[EXTRACTED MATERIAL]

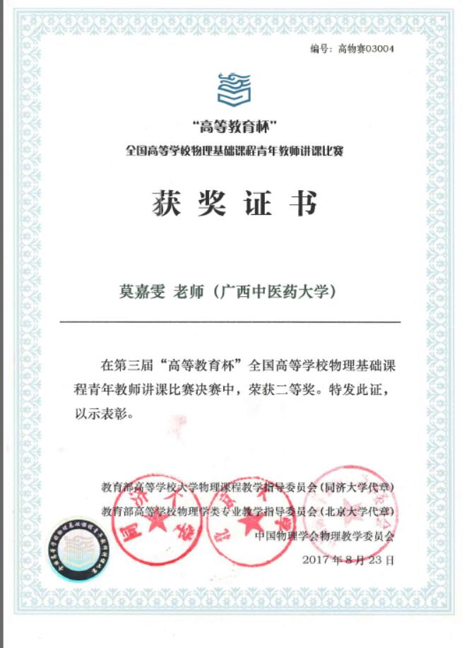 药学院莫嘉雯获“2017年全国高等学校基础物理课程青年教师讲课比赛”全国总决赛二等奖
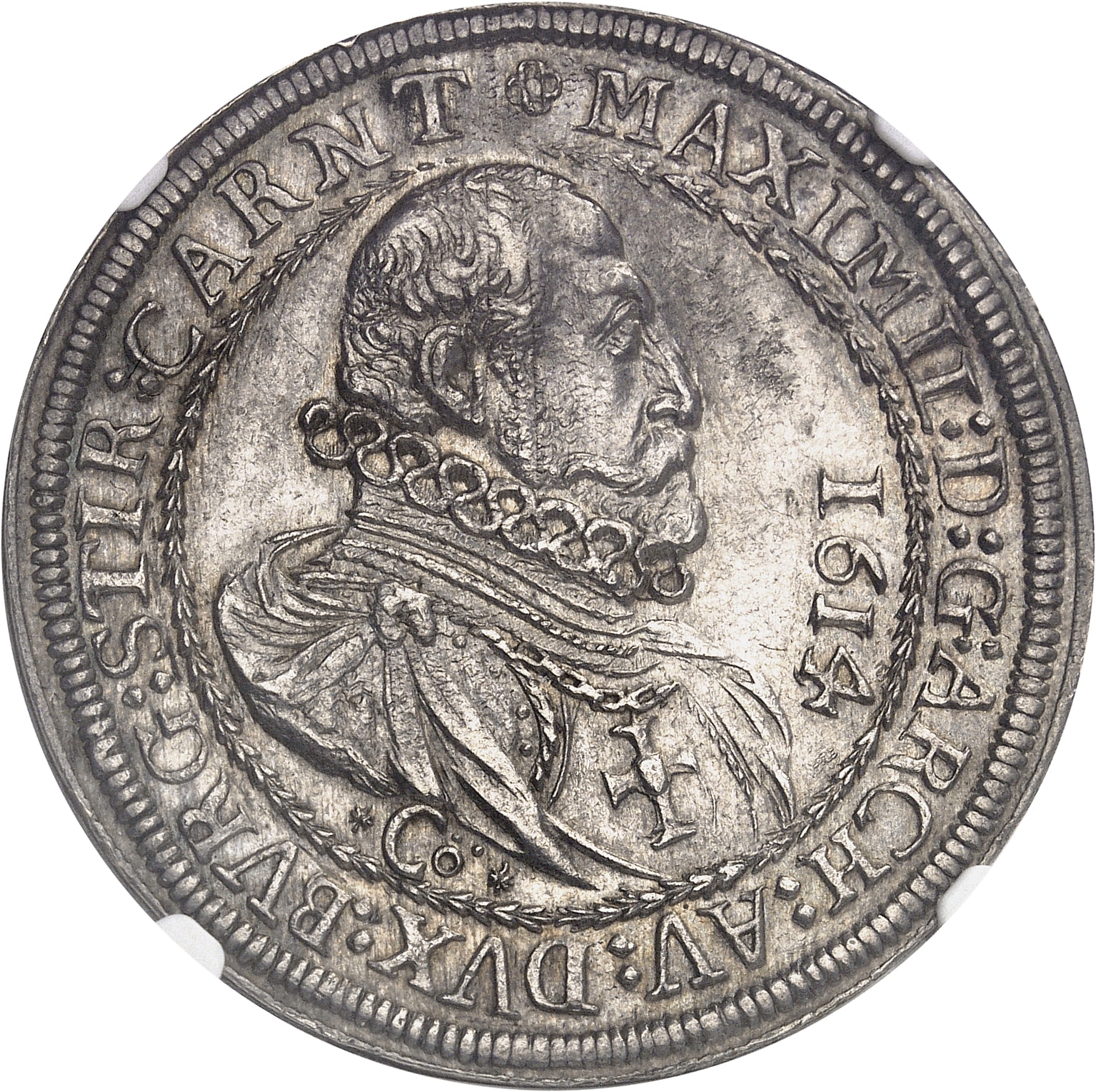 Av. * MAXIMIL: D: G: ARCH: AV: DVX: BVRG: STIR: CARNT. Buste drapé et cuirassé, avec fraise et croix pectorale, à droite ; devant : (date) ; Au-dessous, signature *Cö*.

[/EXTRACTED MATERIAL]
[EXTRACTED MATERIAL]

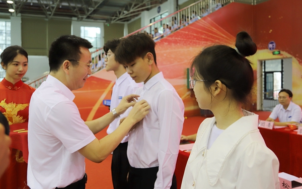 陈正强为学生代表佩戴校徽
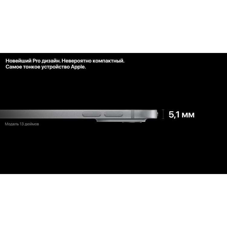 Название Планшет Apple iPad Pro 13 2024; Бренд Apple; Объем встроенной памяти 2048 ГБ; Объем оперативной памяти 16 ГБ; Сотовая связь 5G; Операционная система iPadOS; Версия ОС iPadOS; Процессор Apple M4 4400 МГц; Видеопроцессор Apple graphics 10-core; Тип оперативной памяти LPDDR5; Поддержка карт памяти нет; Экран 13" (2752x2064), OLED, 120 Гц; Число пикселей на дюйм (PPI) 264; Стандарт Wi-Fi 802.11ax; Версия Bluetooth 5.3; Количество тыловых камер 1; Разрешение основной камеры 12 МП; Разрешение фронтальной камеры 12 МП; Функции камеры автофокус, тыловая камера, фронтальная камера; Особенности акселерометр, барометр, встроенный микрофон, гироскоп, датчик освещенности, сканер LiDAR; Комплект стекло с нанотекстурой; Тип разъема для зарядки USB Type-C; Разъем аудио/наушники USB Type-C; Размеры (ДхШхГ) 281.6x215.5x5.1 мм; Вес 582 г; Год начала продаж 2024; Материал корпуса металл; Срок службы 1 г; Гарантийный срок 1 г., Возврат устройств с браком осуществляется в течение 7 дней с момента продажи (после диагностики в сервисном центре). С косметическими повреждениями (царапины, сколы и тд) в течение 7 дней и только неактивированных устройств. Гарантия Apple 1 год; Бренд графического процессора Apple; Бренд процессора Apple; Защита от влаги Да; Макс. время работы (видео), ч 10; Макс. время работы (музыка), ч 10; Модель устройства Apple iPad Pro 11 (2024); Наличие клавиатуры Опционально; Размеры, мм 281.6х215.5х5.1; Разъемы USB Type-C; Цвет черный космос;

[/EXTRACTED MATERIAL]

● WORK INSTRUCTION: From the records above, give again only the part that opens with the line containing "陈正强为学生代表佩戴校徽" and closes with the line containing "Название Планшет Apple". Keep both ends but drop the pictures.

● RESULT OF THE TASK:
 陈正强为学生代表佩戴校徽
 Название Планшет Apple iPad Pro 13 2024; Бренд Apple; Объем встроенной памяти 2048 ГБ; Объем оперативной памяти 16 ГБ; Сотовая связь 5G; Операционная система iPadOS; Версия ОС iPadOS; Процессор Apple M4 4400 МГц; Видеопроцессор Apple graphics 10-core; Тип оперативной памяти LPDDR5; Поддержка карт памяти нет; Экран 13" (2752x2064), OLED, 120 Гц; Число пикселей на дюйм (PPI) 264; Стандарт Wi-Fi 802.11ax; Версия Bluetooth 5.3; Количество тыловых камер 1; Разрешение основной камеры 12 МП; Разрешение фронтальной камеры 12 МП; Функции камеры автофокус, тыловая камера, фронтальная камера; Особенности акселерометр, барометр, встроенный микрофон, гироскоп, датчик освещенности, сканер LiDAR; Комплект стекло с нанотекстурой; Тип разъема для зарядки USB Type-C; Разъем аудио/наушники USB Type-C; Размеры (ДхШхГ) 281.6x215.5x5.1 мм; Вес 582 г; Год начала продаж 2024; Материал корпуса металл; Срок службы 1 г; Гарантийный срок 1 г., Возврат устройств с браком осуществляется в течение 7 дней с момента продажи (после диагностики в сервисном центре). С косметическими повреждениями (царапины, сколы и тд) в течение 7 дней и только неактивированных устройств. Гарантия Apple 1 год; Бренд графического процессора Apple; Бренд процессора Apple; Защита от влаги Да; Макс. время работы (видео), ч 10; Макс. время работы (музыка), ч 10; Модель устройства Apple iPad Pro 11 (2024); Наличие клавиатуры Опционально; Размеры, мм 281.6х215.5х5.1; Разъемы USB Type-C; Цвет черный космос;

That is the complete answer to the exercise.